Classifier: Typing :: Typed
Requires-Python: >=3.11
Requires-Dist: lxml>=5.0
Requires-Dist: rfc8785>=0.1
Provides-Extra: aws
Requires-Dist: boto3>=1.34; extra == 'aws'
Provides-Extra: client
Requires-Dist: httpx>=0.27; extra == 'client'
Provides-Extra: dev
Requires-Dist: hypothesis>=6.100; extra == 'dev'
Requires-Dist: mypy>=1.10; extra == 'dev'
Requires-Dist: pydantic>=2; extra == 'dev'
Requires-Dist: pytest-asyncio>=0.23; extra == 'dev'
Requires-Dist: pytest-cov>=5.0; extra == 'dev'
Requires-Dist: pytest>=8.0; extra == 'dev'
Requires-Dist: python-stdnum>=1.20; extra == 'dev'
Requires-Dist: ruff>=0.5; extra == 'dev'
Requires-Dist: types-boto3>=1.0.2; extra == 'dev'
Requires-Dist: xsdata-pydantic>=24; extra == 'dev'
Requires-Dist: xsdata[cli]>=24; extra == 'dev'
Provides-Extra: digital
Requires-Dist: pydantic>=2; extra == 'digital'
Requires-Dist: xsdata-pydantic>=24; extra == 'digital'
Provides-Extra: docs
Requires-Dist: furo>=2024.1; extra == 'docs'
Requires-Dist: myst-parser>=3.0; extra == 'docs'
Requires-Dist: sphinx-autodoc2>=0.5; extra == 'docs'
Requires-Dist: sphinx>=7.0; extra == 'docs'
Requires-Dist: sphinxcontrib-openapi>=0.8; extra == 'docs'
Description-Content-Type: text/markdown

# eidr — Official Python SDK for the Entertainment Identifier Registry

[![PyPI](https://img.shields.io/pypi/v/eidr.svg)](https://pypi.org/project/eidr/)
[![Python](https://img.shields.io/pypi/pyversions/eidr.svg)](https://pypi.org/project/eidr/)
[![License](https://img.shields.io/badge/license-Apache--2.0-blue.svg)](LICENSE)

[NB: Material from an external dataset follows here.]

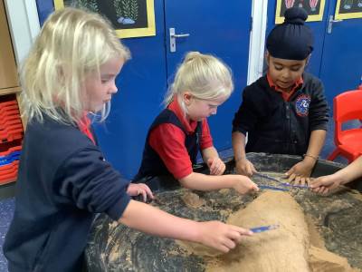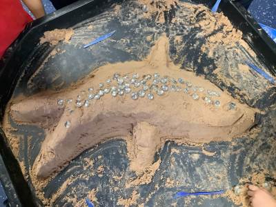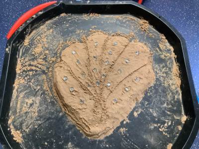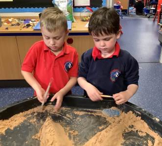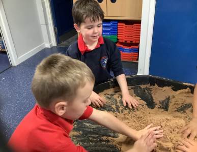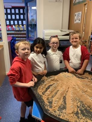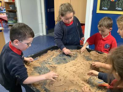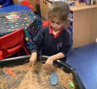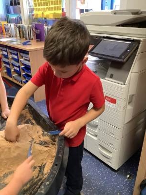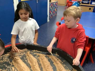This half term's topic is 'Hooray, Let's Go On Holiday.' As part of our art focus, the children have been learning about sand artists and how they can create amazingly creative sand structures using a range of different tools. We wanted to have a go at creating our own and enjoyed experimenting with the tools to see what effects we could create. We also enjoyed adding our own decorations. Here we are at work.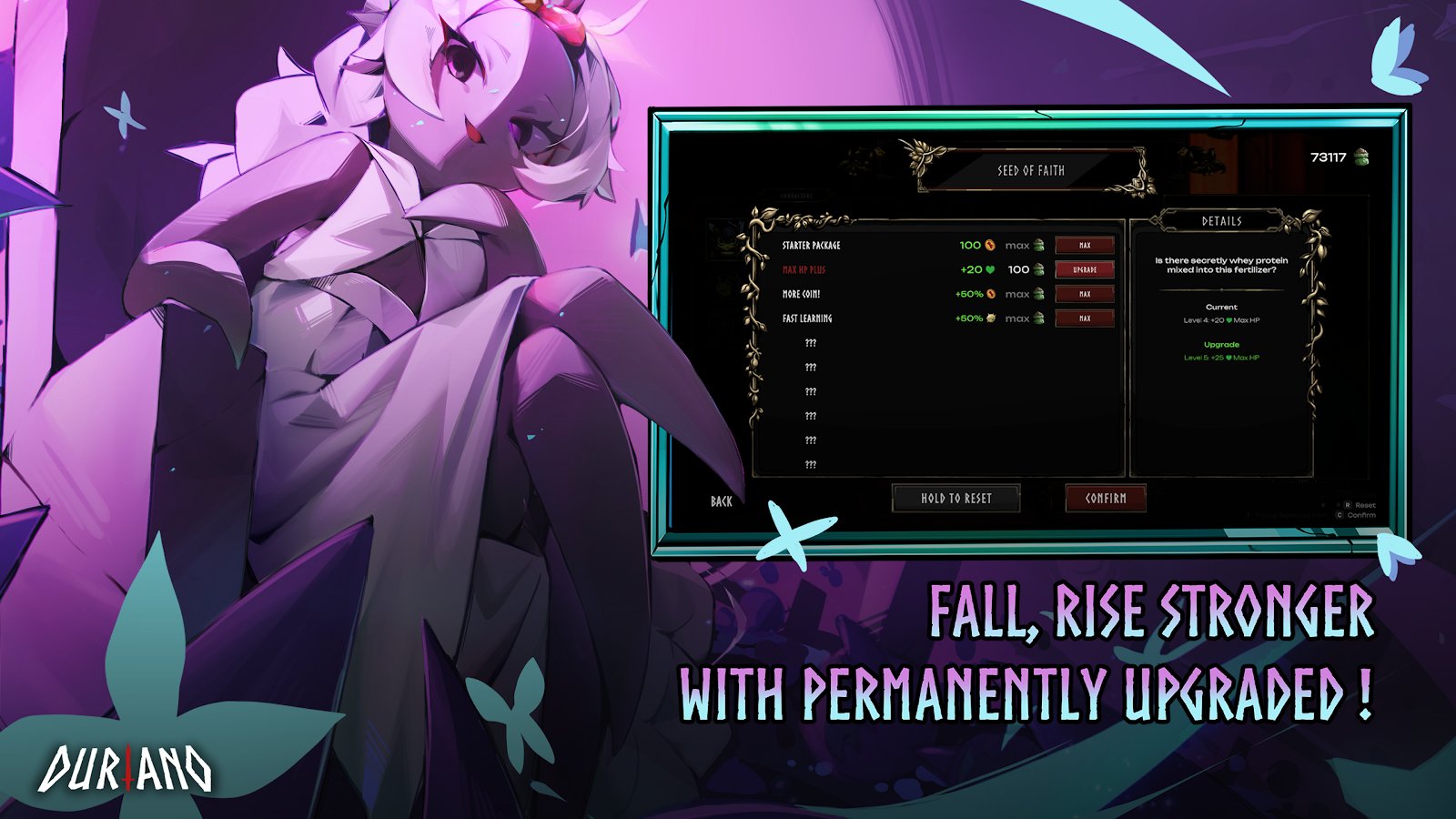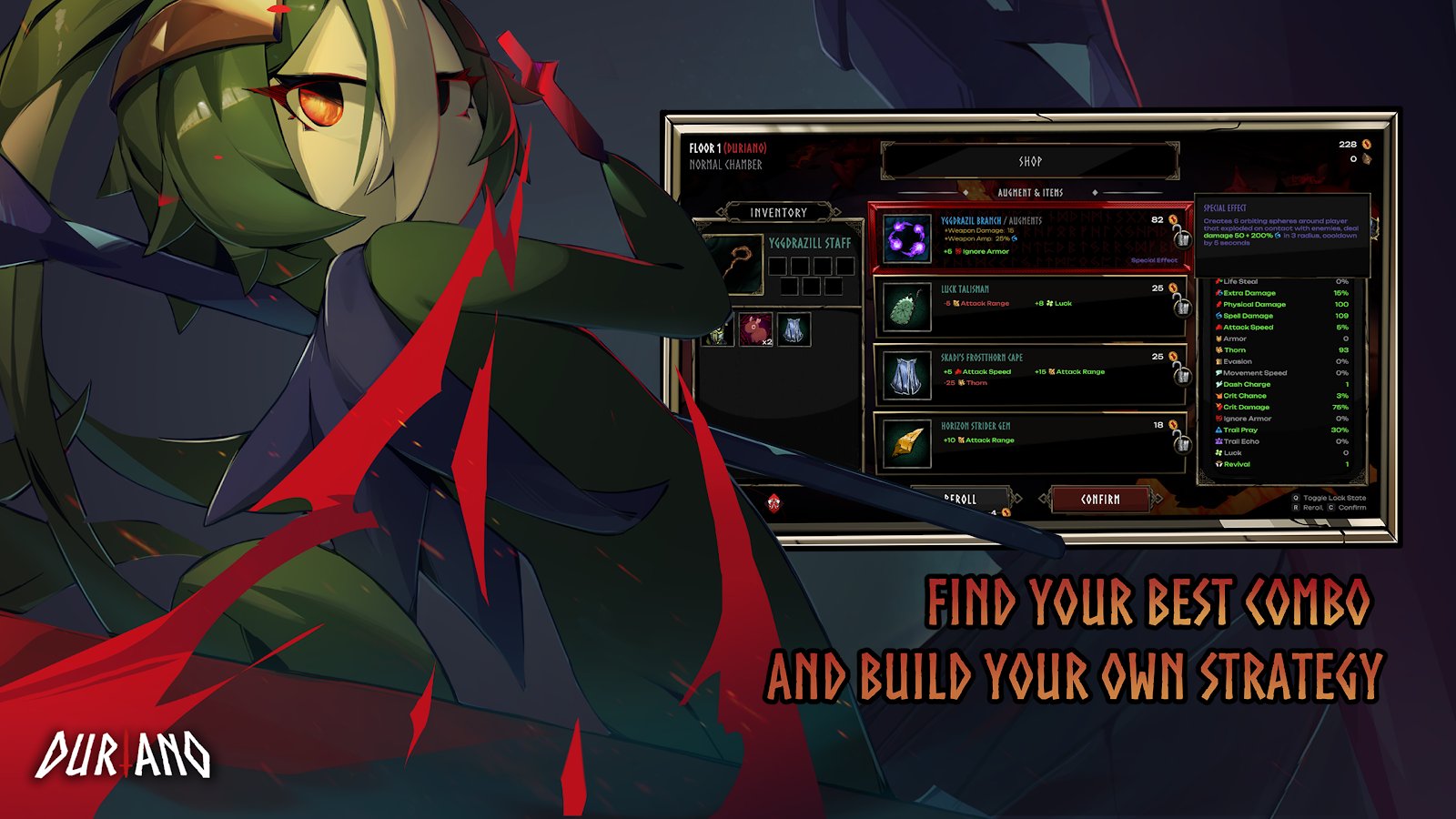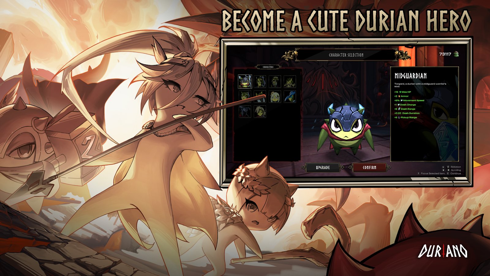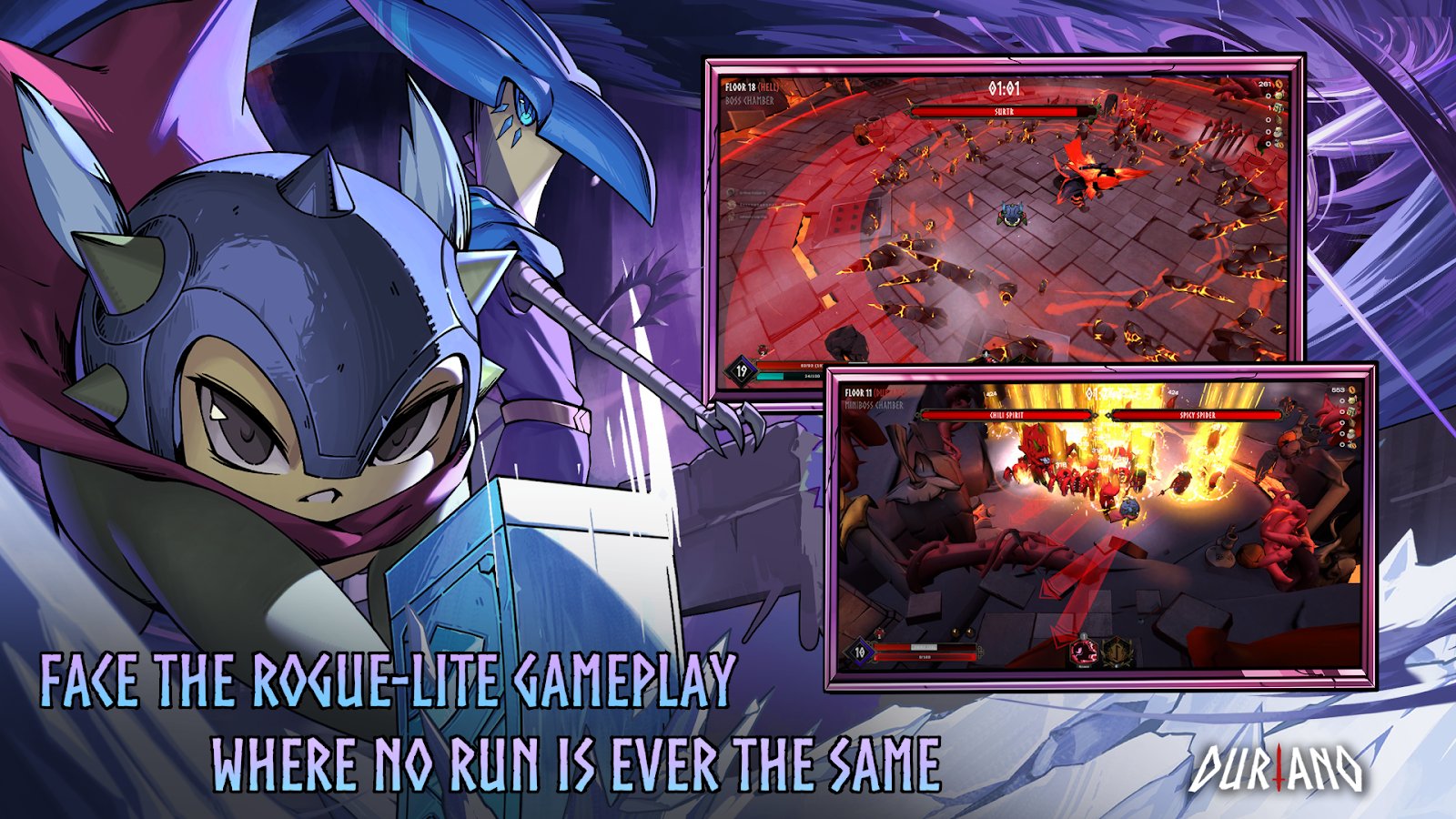 Duriano: Roguelike RPG es un explosivo juego de acción roguelite con vista desde arriba, donde la locura y la mitología se entrelazan en una sola aventura. Controla al héroe duriano y desafía a los dioses, ¡incluyendo al gigante de fuego! Reúne poderosos builds combinando armas, artefactos y "huellas de los dioses" para adaptarte a cada carrera. Mejora en el modo historia, desbloqueando mejoras permanentes, o pon a prueba tus habilidades en el modo de clasificación sin bonificaciones. Combates dinámicos, variabilidad y alta rejugabilidad convierten cada intento en un enfrentamiento único por la victoria.

`eidr` is the official Python SDK for the
[Entertainment Identifier Registry](https://eidr.org). It provides
typed, ergonomic access to EIDR's Content, Party, and Video Service
ID registries over the native XML REST API.

> **Status:** `0.1.0rc1` — first release candidate. The public API
> contract documented in [STABILITY.md](STABILITY.md) takes effect
> at this release; remaining changes before `1.0.0` are limited to
> release-blocking defect corrections. See
> [CHANGELOG.md](CHANGELOG.md) for what's new and the
> [STABILITY.md](STABILITY.md) "Breaking changes by version"
> section if upgrading from a beta release.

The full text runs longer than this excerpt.